5 July 2018

Aeon: The many deaths of liberalism

So why do we read so often today that liberalism is in crisis, failing or already dead? Scholars and pundits of various ideological persuasions are busy signing death certificates and offering obituaries for liberalism, often without clearly defining what they mean by that term. Some claim that liberalism has failed to live up to its own promises. Others argue that it has become irrelevant precisely because it has succeeded in building a free society on allegedly dangerous foundations, such as individual autonomy, neutrality with regard to the good life, and free markets. These critics might differ among themselves, but they all seem to agree that liberalism can no longer solve our deep social, cultural, political and economic problems, and that it has become ‘unsustainable’.

Not coincidentally, all of these critics are living, writing and publishing in liberal countries. And they are demonstrating one of liberalism’s most successful features simply by participating in the quintessentially liberal enterprise of dialogue and disagreement under constitutional protections (with liberal limitations). These are, in fact, the only states in which actual competition for power and dissent is not just allowed but fostered. No one living in a totalitarian society has had the luxury of declaring liberalism, let alone totalitarianism, dead. Nevertheless, the pessimism of liberalism’s critics appears sensible, given the current depressing political climate, dominated by fears of the re-emergence of nationalistic populism reflected in Brexit and the rhetoric of, and policies pursued by, leaders such as Donald Trump in the United States, Vladimir Putin in Russia and Viktor Orbán in Hungary.   [...]
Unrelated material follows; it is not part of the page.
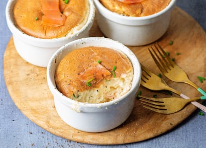 Grábate a fuego esta última frase: la base admite que se prepare con cierta antelación, pero las claras hay que montarlas al momento y cocer los suflés enseguida; la cosa requiere planificación y saber montar y mezclar adecuadamente unas claras de huevo.

The intellectual attraction of liberalism’s jeopardy must be great indeed because liberalism has been declared dead so often. We conducted a Google Books Ngram analysis, which graphs the number of books containing a certain word or phrase as a percentage of all books in Google’s collection, numbering more than 30 million volumes at present. (We do not claim that the Ngram analysis presents a complete or completely accurate representation of publication frequency. We did not test alternative search terms, such as ‘liberalism is dead’ or ‘liberalism is dying’. Moreover, Google’s Ngram analysis does not capture many journal articles.) According to this analysis, liberalism first died in the late 1870s (although, according to Hirschman, it was already declared to be dying as early as the 1830s), then died some more at the turn of the 20th century, and has been dying almost continuously since 1920. [...]

The problem for anyone declaring the death of liberalism is that it has not one but several pillars and dimensions: legal, political, economic and moral (or religious). The weakening or disappearance of one or two liberal pillars or tenets would not be enough to declare liberalism as a whole dead. For example, one might express skepticism toward key liberal principles such as the commitments to individual agency and individual choice, while maintaining a commitment to freedom of expression. In the same vein, one might be skeptical toward unregulated markets or trade, but embrace other essential features of liberalism such as nondiscrimination under law, security of property rights and freedom of contract. Neither does liberalism require open borders, but it opposes limits on immigration based solely on what the potential immigrants look like, where they come from, what language they speak or their religious preferences.